# TeleopWM Reproduction Checklist

This page provides a compact end-to-end checklist for reproducing the public TeleopWM evaluation and paper-figure workflow.

## 1. Download the Dataset

Download the TeleopWM dataset from Hugging Face:

https://huggingface.co/datasets/bimilab/TeleopWM-Dataset

Place the extracted data in a local directory such as:

```text
/path/to/mile_action_diverse
```

The evaluation examples below assume the Town05 test split is available at:

```text
/path/to/mile_action_diverse/test/Town05
```

## 2. Download the Checkpoint

Download the released TeleopWM checkpoint from Hugging Face:

https://huggingface.co/bimilab/TeleopWM

Example:

```bash
huggingface-cli download bimilab/TeleopWM \
  best.pt config.json \
  --local-dir /path/to/checkpoints/TeleopWM
```

The examples below refer to:

```text
/path/to/checkpoints/TeleopWM/best.pt
```

## 3. Install the Environment

Follow [SETUP.md](SETUP.md). A minimal setup is:

```bash
python -m venv teleopwm
source teleopwm/bin/activate
pip install -r requirements.txt
```

## 4. Run the Sanity Check

```bash
python scripts/sanity_check.py
```

This verifies that the public TeleopWM API can be constructed and run on small random tensors.

## 5. Run Rollout Evaluation

```bash
python scripts/evaluate_teleopwm.py \
  --checkpoint /path/to/checkpoints/TeleopWM/best.pt \
  --data-root /path/to/mile_action_diverse/test/Town05 \
  --split test \
  --sample-strategy uniform \
  --max-samples 64 \
  --device cuda
```

Use `--device cpu` if CUDA is unavailable.
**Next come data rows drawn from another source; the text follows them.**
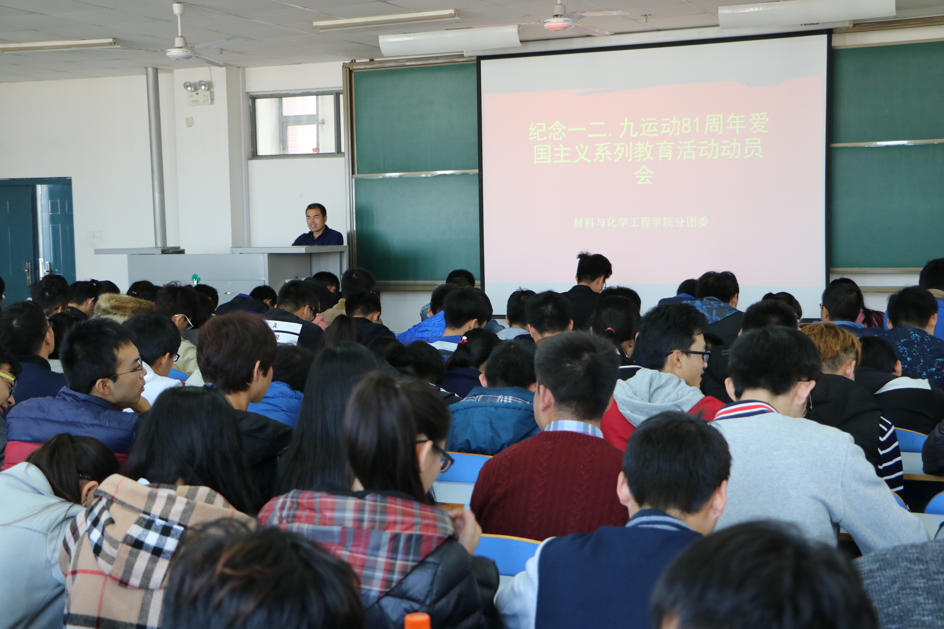 为了纪念“一二.九”学生爱国运动81周年暨纪念长征胜利80周年,进一步弘扬爱国主义精神和革命传统精神,展现新时代大学生青春风采,依据校团委《关于举办纪念“一二.九”运动81周年爱国主义系列教育的通知》,11月3日中午12:30,材料与化学工程学院分团委在科学校区二教楼916召开主题系列教育活动动员大会,动员部署系列教育的开展,分团委书记朱广正老师和全体学生干部参加本次动员大会。
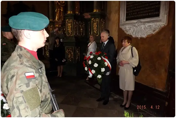 Po Mszy św. przybyłe delegacje złożyły wieńce pod tablicą pamięci Ofiar Zbrodni Katyńskiej „Katyń ocalić od zapomnienia”
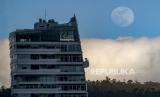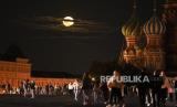 The August Super Blue Moon sets behind a historical building and the St. Basil (FOTO : AP Photo/Alexander Zemlianichenko)
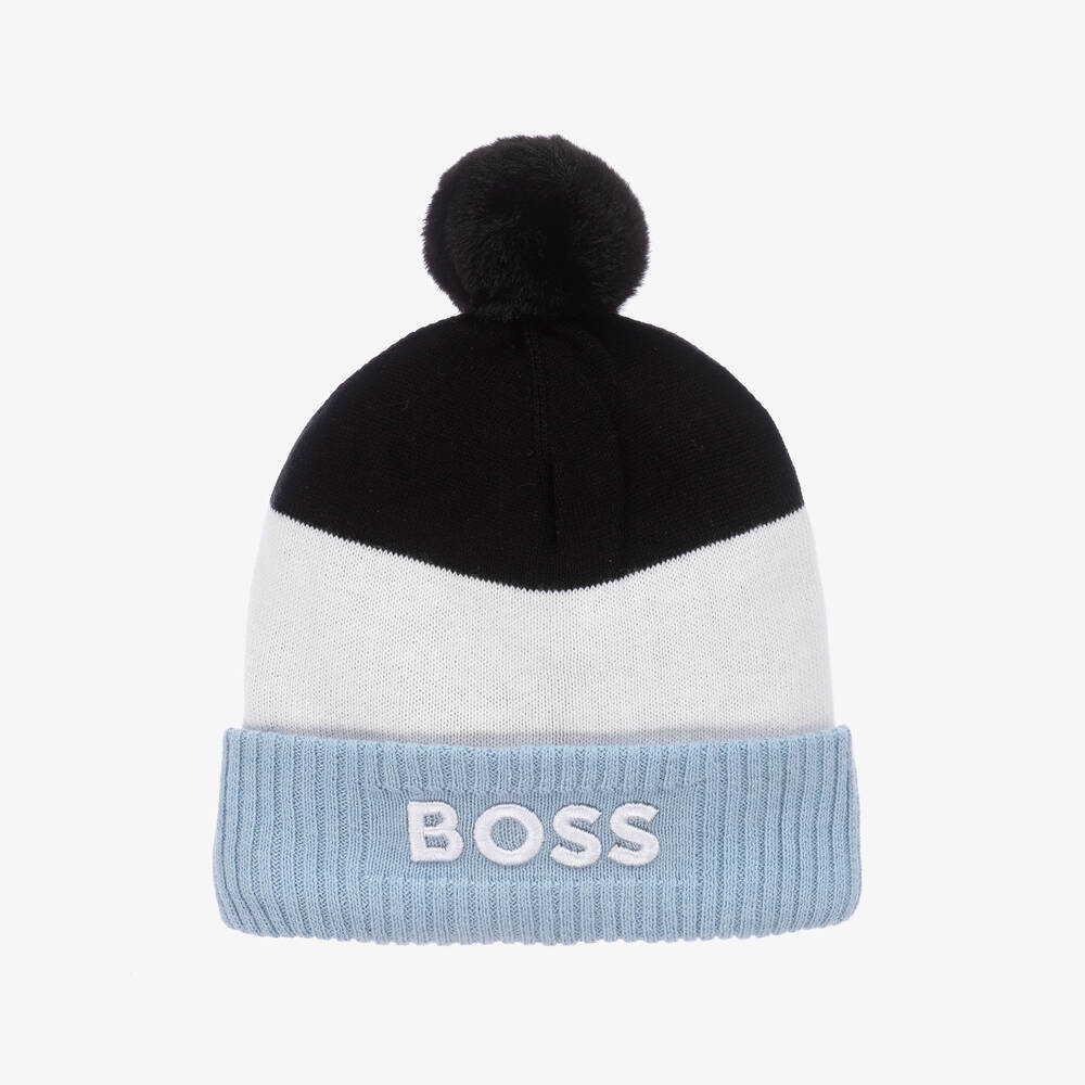 Instantly recognisable, this cosy hat for younger boys by BOSS, is striped in shades of black, white and blue. Knitted in soft cotton, it has a soft fleece lining for extra warmth and a cute pom-pom on the top. A bold white logo is appliquéd on the turn-up brim for designer appeal.

## 6. Run Future-Action Evaluation

```bash
python scripts/evaluate_future_actions.py \
  --checkpoint /path/to/checkpoints/TeleopWM/best.pt \
  --data-root /path/to/mile_action_diverse/test/Town05 \
  --split test \
  --sample-strategy uniform \
  --num-samples 256 \
  --device cuda
```

## 7. Reproduce Paper Figures

Qualitative rollout figure:

```bash
python paper/scripts/compose_rollout_figure.py \
  --checkpoint /path/to/checkpoints/TeleopWM/best.pt \
  --data-root /path/to/mile_action_diverse/test/Town05 \
  --indices 1987 1796 1760 1058 \
  --output-dir paper/figures/generated \
  --output-name main_rollout_action_figure
```

Future-action evaluation figure:

```bash
python paper/scripts/plot_future_action_eval.py \
  --input-dir /path/to/future_action_eval \
  --output-dir paper/figures/generated \
  --output-name future_action_eval
```

Benchmark figure:

```bash
python paper/scripts/generate_benchmark_figure.py \
  --input /path/to/benchmark.json \
  --output-dir paper/figures/generated
```

Sampling figure:

```bash
python paper/scripts/generate_sampling_figure.py \
  --input /path/to/sampling_summary.json \
  --output-dir paper/figures/generated
```

## 8. Run Runtime Benchmark

```bash
python scripts/benchmark_teleopwm.py \
  --checkpoint /path/to/checkpoints/TeleopWM/best.pt \
  --device cuda \
  --batch-size 1
```

Runtime values should be re-measured on the target hardware used for deployment or comparison.